Ma questo “mal sottile” ristagna sia nelle pieghe del potere dove istituzioni e organi deputati mancano ai loro doveri deontologici, sia nella morale dell’individuo.
Qualora il giornalista o altro esponente della cultura, sentisse il “dovere” di emendarsi, secondo i desiderata del potente di turno, per ragioni di opportunità, – economica, di carriera e altro ancora -, significherebbe che il tessuto intellettuale della nazione è decaduto al rango di “scriba”, cioè di semplice esecutore nel riportare e trasmettere la altrui volontà.

Senza più analisi critica, senza più il desiderio di ricercare la verità. Ciò equivarrebbe alla morte della coscienza di un Popolo, ma anche alla fine di questo Popolo.

Per la verità preoccupazioni simili sono diffuse in tutto il pianeta.
Basti pensare alla “disponibilità” di gran parte dei mass media anglosassoni di accettare per buone le più ridicole bugie espresse dall’Amministrazione americana a proposito delle “armi di distruzione di massa” in Iraq o numerosi altri interventi sulla questione del terrorismo, ecc. che hanno evidenziato un atteggiamento “morbido” e “collaborativo” con i rispettivi governi.
Questo crescente distacco dalle finalità di una libera informazione sta divenendo usuale e, in qualche modo, generalmente accettato. Credo che la crisi di obiettività e indipendenza che sta colpendo, anche se in misura diversa, le società dei paesi democratici abbia delle radici comuni che si chiamano liberismo e globalizzazione. In nome del mercato si è acconsentito alla creazione di imperi mediatici di dimensioni colossali che dispongono di quote rilevanti nei singoli paesi e contemporaneamente sono presenti su molteplici mercati. Ciò, evidentemente, consente un controllo dell’informazione assolutamente impensabile fino a qualche anno fa. I vari Murdoch, Berlusconi (in questo caso in veste imprenditoriale) sono i rappresentanti di interessi e “filosofie” in grado di inficiare seriamente l’obiettività dell’individuo e, di conseguenza, la sua libertà di pensiero.

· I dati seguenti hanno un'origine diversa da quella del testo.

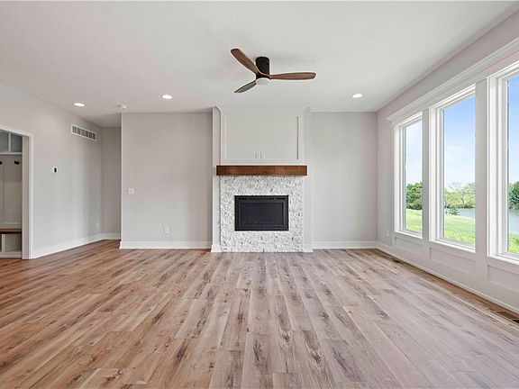 The Lilly - A reverse 1.5 story walk-out waterfront lot in Erika’s Place, a brand new subdivision and part of the 450 acre master-planned Twin Creeks Village. This stunning home includes 4 bedrooms, 3 full baths, a spacious flex room, a walk-out lot, and a picturesque view of a pond. The open floor plan features a drop zone entry from the garage, main floor laundry, and a master suite with an additional bedroom on the main level. The kitchen opens to a covered deck perfect for enjoying your morning coffee. The lower level walkout boasts a family room, two more bedrooms, a full bath, and a flex room for an office or workout space. With quality finishes and modern touches, this new home offers both style and affordability. Don't miss out on this incredible value! This walkable neighborhood will also have a community pool and clubhouse in Phase 3. Erika’s Place is adjacent to the brand new Platte County R-3 school campus featuring a middle school, career center and high school (coming soon). Steps from the trail head entrance to 10-mile Line Creek nature trail. Twin Creeks Village features Central Bank Sporting KC complex, Coopers Hawk Winery, Floor & Decor, Costco and numerous eating, retail and entertainment concepts soon to be announced!

E’ tempo di uscire dalle secche di un’epoca arida e senza ideali.
Se il singolo ha il dovere di continuare a mantenere e ricercare una propria indipendenza intellettuale boicottando le grandi catene mediatiche, a livello collettivo si deve avere il coraggio e l’intraprendenza di porre alcuni settori dell’agire umano al riparo del verbo liberista. Il settore mediatico a cui potrebbero aggiungersene altri, quali il farmaceutico, l’istruzione, la salute, la ricerca dovrebbero essere protetti dai criteri meramente economicisti ed aperti ad una visione della vita e della società maggiormente orientata ai reali bisogni di una comunità sempre più vasta e complessa dove la solidarietà, il senso di giustizia ed il rispetto per l’uomo siano valori condivisi ed universalmente accettati.